Scientists at The University of Texas at Dallas are using machine learning to study proteins — the molecules that carry out essential life functions — in a way that could impact protein engineering, human health and the evolutionary tracking of proteins related to infectious diseases.
In the growing field of protein design, researchers examine the evolutionary history of proteins — how their structure and function have changed over time due to genetic mutations — and could use that information to potentially design new proteins for purposes like fighting diseases or enabling biotechnology applications from novel proteins not existent in nature.
A team led by Dr. Faruck Morcos, associate professor of biological sciences in the School of Natural Sciences and Mathematics, is using advanced computer techniques to generate a 3D “landscape” that allows scientists to visualize how viable new proteins could be engineered.
“This latent generative landscape represents an advancement in the modeling of proteins and, together with the software we have published, is an accessible tool for those seeking to generate, engineer or study proteins and their functions,” said computational biology doctoral student Cheyenne Ziegler MS’20, one of the lead authors of a paper published online April 19 in Nature Communications describing the work. Morcos is the corresponding author of the study.
Proteins are made up of sequences of molecular building blocks called amino acids. Protein sequences give researchers clues to their functions in the body.
“Our new framework is like a road map,” Morcos said. “Rather than simply analyzing existing protein sequences, we look at the evolution of the proteins and construct maps looking both at proteins that already exist as well as generating and plotting out potential sequences.”
Using variational autoencoders (VAE) — an unsupervised learning model incorporating a neural network and coevolutionary modeling, an inference technique developed by the research team — Morcos said scientists can classify protein sequences by their evolutionary changes and their specific functions, then generate new sequences similar in composition, along with a rating of their compatibility with real-world function.
“Recent focus in the field has shifted toward using machine-learning approaches to predict protein structures and understand protein sequence attributes. The sequence space of proteins is astronomically large, so identifying viable sequences is a hard problem,” Morcos said.
Morcos and his team plotted protein-sequence data based on similar characteristics.
“The closer proteins are to each other in this virtual landscape, the more similar they are in function,” he said. “The map implies where we have a higher chance for a novel protein to be functional — there are many possible mutations as proteins evolve, but very few are fit to exist.”
The UTD researchers used mathematical methods to create peaks and valleys in the virtual landscape. These barriers represent sets of improbable sequences that help isolate groups of proteins in terms of their function or evolutionary trajectory, similar to how geographical boundaries can isolate groups of animals who then evolve differently from those in other isolated areas.
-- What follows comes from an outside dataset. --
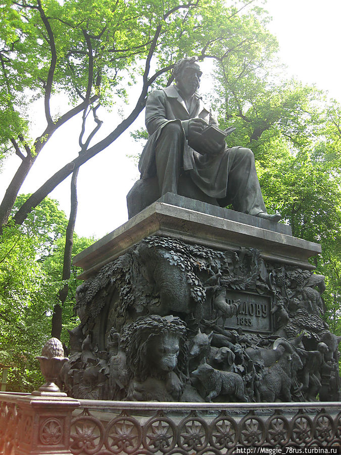 Пожалуй, больше всего я обрадовалась встрече на главной аллее со "старым знакомым" Баснописцем И.А. Крыловым. Бронзовая статуя работы скульптора барона фон Клодта установлена на гранитном пьедестале, украшенном бронзовыми изображениями лиц и животных — персонажей произведений Крылова.

“Our new framework is like a road map. Rather than simply analyzing existing protein sequences, we look at the evolution of the proteins and construct maps looking both at proteins that already exist as well as generating and plotting out potential sequences.”
Dr. Faruck Morcos, associate professor of biological sciences in the School of Natural Sciences and Mathematics
Color-coding provides that third dimension of description of each coordinate. Proteins that already exist are also included and are concentrated in the dark areas.
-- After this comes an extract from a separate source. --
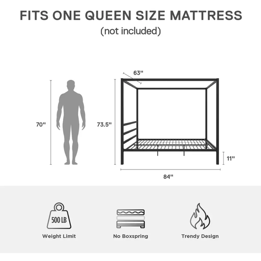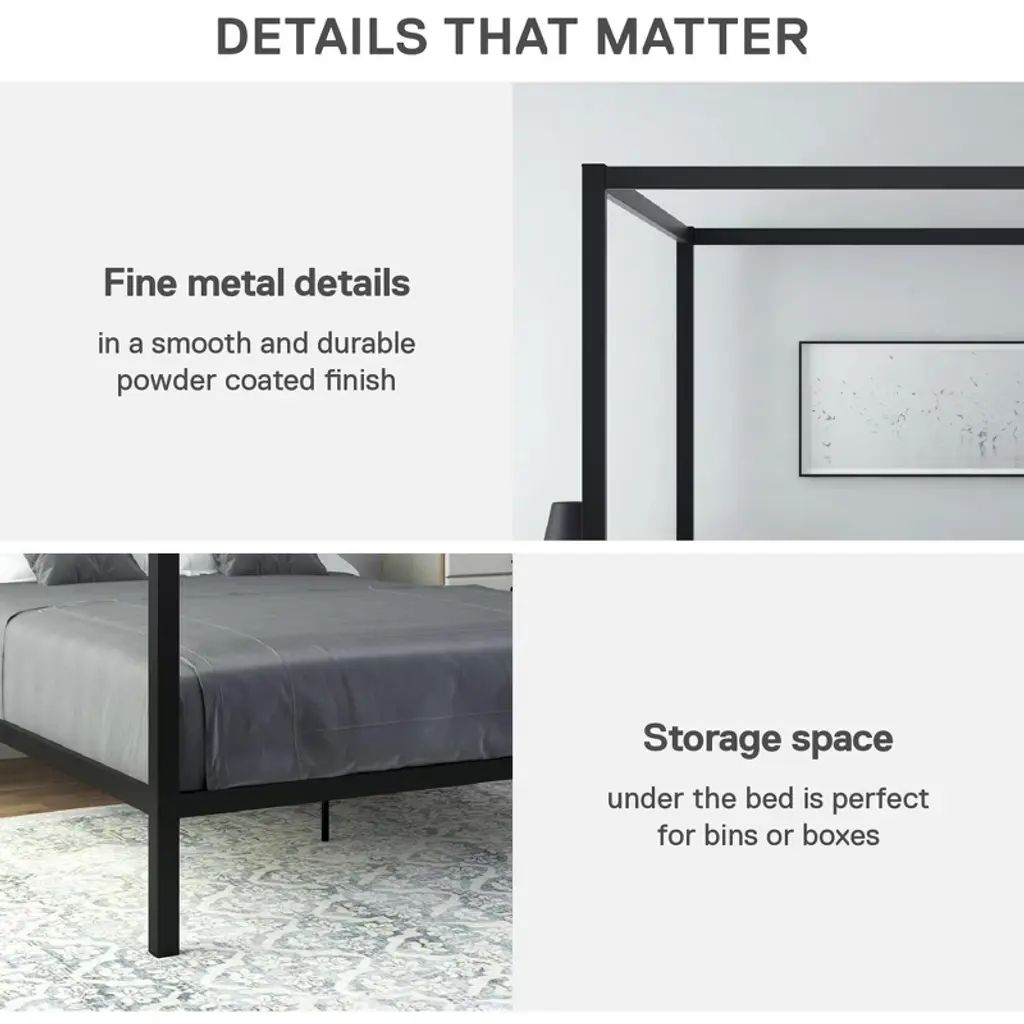 Dhp Modern Metal Canopy Bed, Queen, Black

“Is this protein fit to perform its function or not? How much does it look like a real protein? The dark blue regions are valleys of high fitness, where most proteins appear like things that can exist. These sequences might become real proteins,” Morcos said. “Brighter-colored regions are less explored and probably not very fit.”
Morcos said their system can also catalog proteins of unknown function in a process called annotation.
“The majority of protein sequences that exist don’t yet have an annotation — a label indicating a function or location,” he said. “We just don’t know what they do. That’s why scientists invest so much effort in accurately predicting the function of a protein. Our map is an effective way to infer the functions of a new protein by knowing what its neighbors do.”
Jonathan Martin MS’21, a molecular biology doctoral student, is co-first author of the study. A fourth UTD-affiliated author, postdoctoral scholar Dr. Claude Sinner, now works for Sitly in the Netherlands.
The research was supported by a grant (R35GM133631) from the National Institute of General Medical Sciences, a component of the National Institutes of Health, and by a Faculty Early Career Development Program (CAREER) grant (MCB-1943442) to Morcos from the National Science Foundation.